The emergence of brain-computer interface (BCI) technology provides enormous potential for human medical and daily applications. Therefore, allowing users to tolerate the visual response of SSVEP for a long time has alwa...The emergence of brain-computer interface (BCI) technology provides enormous potential for human medical and daily applications. Therefore, allowing users to tolerate the visual response of SSVEP for a long time has always been an important issue in the SSVEP-BCI system. We recruited three subjects and conducted visual experiments in groups using different frequencies (17 and 25Hz) and 60Hz light.
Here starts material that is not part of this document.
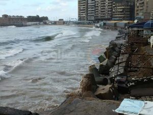 سببت موجة الطقس السيئ وارتفاع أمواج البحر في الإسكندرية، اليوم الاثنين، في تآكل جزء من شاطئ إدوارد خراط وحدوث تشققات وميل سور كورنيش الإسكندرية بطول 20 متر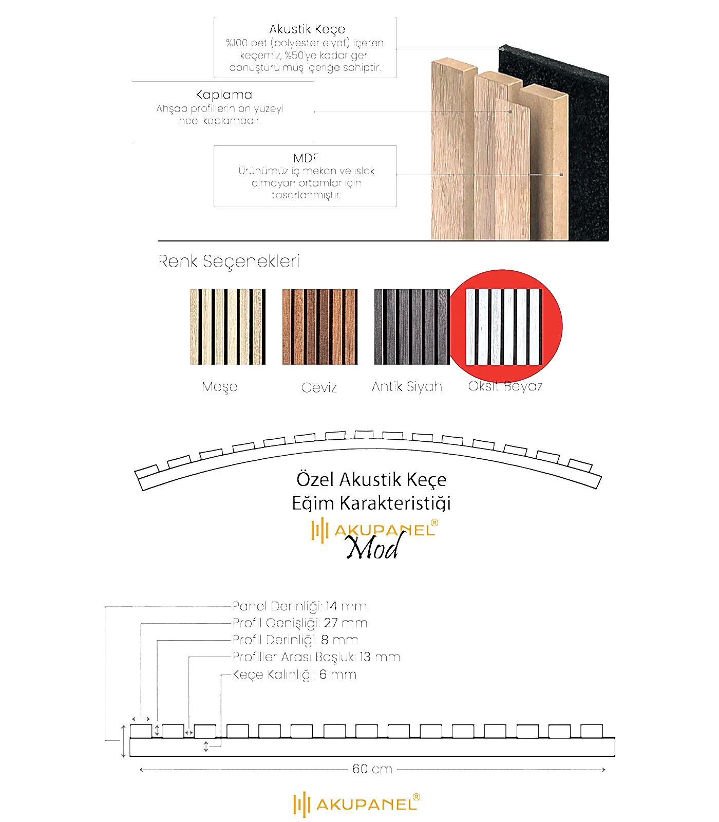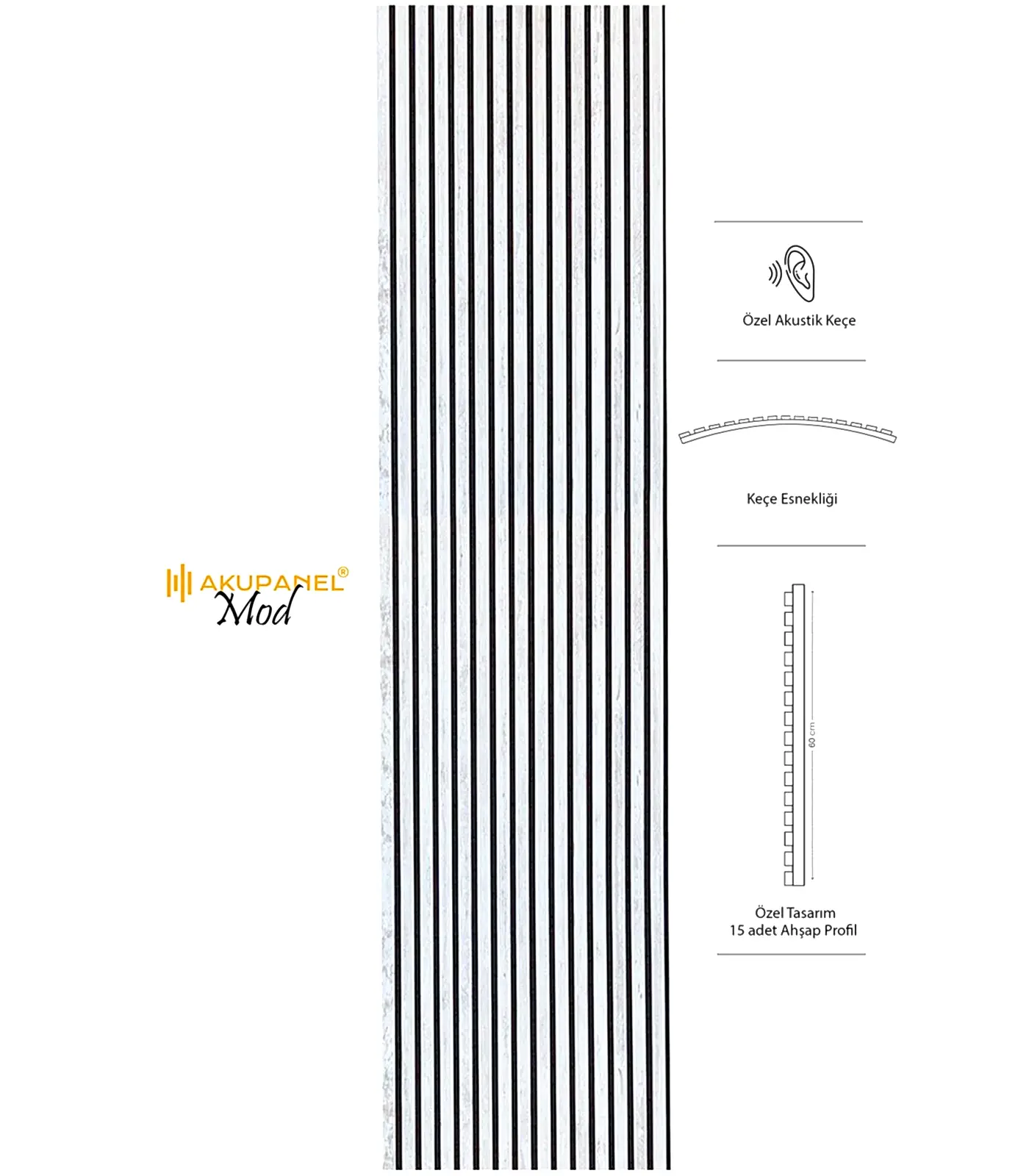 Akupanel, akustik ve dekorasyonu bir araya getiren inovasyon ürünüdür. Bir akupanel ölçülerimiz 60×245 cm dir. Bir akupanel ahşap duvar panelinde 15 adet ahşap profil bulunmaktadır. Ahşap duvar profilleri özel olarak üretilmiş sertifikalı akustik keçe üzerine montajı yapılmıştır. Akupanel’in derinliği 14 mm dir. Oldukça hafif ve eğimli duvarları saracak şekilde esnek bir yapıya sahiptir. Kendin yap deneyimi ile sadece 3 adımda duvara kolayca montajını yapabilirsiniz.

After recording the physiological signal, use FFT to perform a time-frequency analysis on the physiological signal to check whether there is any difference in the signal-to-noise ratio and amplitude of the 60Hz light source compared with a single low-frequency signal source. The results show that combining a 60Hz light source with low-frequency LEDs can reduce participants' eye discomfort while achieving effective light stimulation control. At the same time, there was no significant difference in signal-to-noise ratio and amplitude between the groups. This also means that 60Hz can make vision more continuous and improve the subject's experience and comfort. At the same time, it does not affect the performance of the original SSVEP-induced response. This study highlights the importance of considering technical aspects and user comfort when designing SSVEP-BCI systems to increase the usability of SSVEP systems for long-term flash viewing.